Subscribe to mailing list

Get notified when we have new updates or new posts!

Subscribe Unicorn Data Science cover image
jen@unicornds.org profile image jen@unicornds.org

The Future of Data Science is Agentic Ops

AI agents are increasingly functioning like workers in our organizations -- yet most companies have no system to manage, evaluate, or course-correct them. That gap is data science's next big opportunity.

The Future of Data Science is Agentic Ops
Photo by Eric Krull / Unsplash

Ask data scientists how the job market feels right now, and many will describe a quiet tension. On paper, the outlook is strong — the World Economic Forum's Future of Jobs Report 2025 ranked data roles at the very top of the fastest-growing jobs list. And yet the field is changing in ways that are hard to ignore on the ground.

Over the past decade, machine learning work — building, deploying, and maintaining models — has gradually migrated toward engineering. MLOps and ML engineering became their own disciplines. Meanwhile, routine analytics work is increasingly assisted by AI tools. The data scientist who once owned the entire stack now operates in a more fragmented and also more competitive landscape.

So where should we go from here?

Agents Are Becoming Workers

The most significant shift happening right now is the rise of autonomous AI agents. Many of us rely on agents every day to get work done. Many of us already have agents running in our products and internal systems. In a very real sense, they are beginning to function like colleagues.

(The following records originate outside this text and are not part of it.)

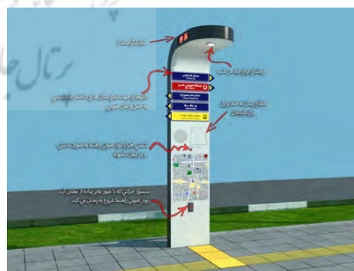
تصویر ۲. طراحی تابلوهای اطلاع‌رسانی پیشنهادی.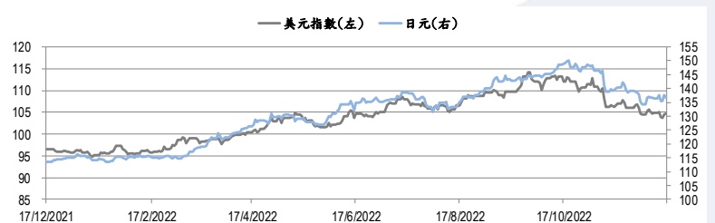
圖三：美元指數及美元/日元的一年期變化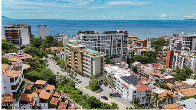
MLS Vallarta Nayarií Compostela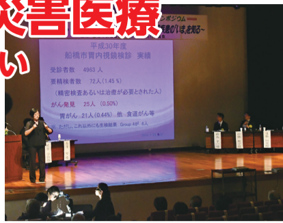
▲前回のシンポジウムの様子

今回の救急医療シンポジウムでは、船橋市における災害時の医療体制について、市民の皆さんと共に学び、考えていきます。

Data backs this up. Gartner predicts that 40% of enterprise applications will integrate task-specific agents by end of 2026, up from less than 5% in 2025. These agents are being embedded into internal workflows as well as customer-facing systems. They are, in many organizations, autonomously executing tasks, making decisions, and producing outputs that real stakeholders depend on. Effectively, agents are operating like workers.

Cue the "what could possibly go wrong" meme. We are now deploying fleets of agentic workers we have yet to learn how to manage effectively.

From People Ops to Agentic Ops

In 2015, Laszlo Bock published "Work Rules!", documenting how Google had rebranded HR into "People Ops." The insight was that managing people well goes much beyond administrative work – it is strategic work requiring data, feedback loops, and continuous improvement.

The same logic applies to agents, perhaps even more urgently. A confused employee will ask questions, push back, or show visible signs of inaction. An agent will not – it will confidently produce bad output with lightning speed. Agents hallucinate, drift, and respond in subtly wrong ways when prompts shift. Without oversight, failures accumulate quietly in production.

Therefore, we need to start taking the concept of "Agentic Ops" seriously. "Agentic Ops" is the rising organizational function that keeps agents reliable over time: defining what good looks like, measuring it systematically, and closing the feedback loop continuously.

What Agent Evaluation Actually Looks Like

The core of Agentic Ops is agent evaluation, and the key insight is that evaluation method must match task type. Not every agent task can — or should — be evaluated the same way.

The Agentic Ops Framework for evaluating AI performance across different task types.

For deterministic tasks, unit test-like benchmarking works well. For structured tasks, "diffing" with an NLP metric gives a measurable signal. For judgment-heavy tasks, LLM-as-judge is the emerging standard — scoring outputs across dimensions like prompt adherence, hallucination, and safety. For open-ended tasks, head-to-head human comparison is currently the best approach.

Across all task types, human-in-the-loop is a must: periodic expert spot-checks, and continuous product signals like thumbs up / down user feedback.

Data Science is the Right Home for Agentic Ops

Agentic Ops requires metric definition, experimental design, data gathering, and statistical reasoning — exactly the skills data science has spent years developing.

For data science leaders, the opportunity is real and the window is open: the agents are being built, but who governs them is still undecided. Placing data science here early is a high-leverage move. According to a recent Deloitte report, "Enterprises struggle to establish appropriate oversight mechanisms for systems designed to operate autonomously." This is an emerging organizational function that data science is primed to step in and contribute.

For individual contributors: go beyond building the agent. Stay for the evaluation in the long run. Partner with engineering and product teams to share your expertise, and instrument systems, define metrics, and build the feedback loops that keep agents honest.

People Ops emerged because organizations realized that managing people well was a strategic advantage. The same realization is coming for agents. Data science is well positioned to lead it.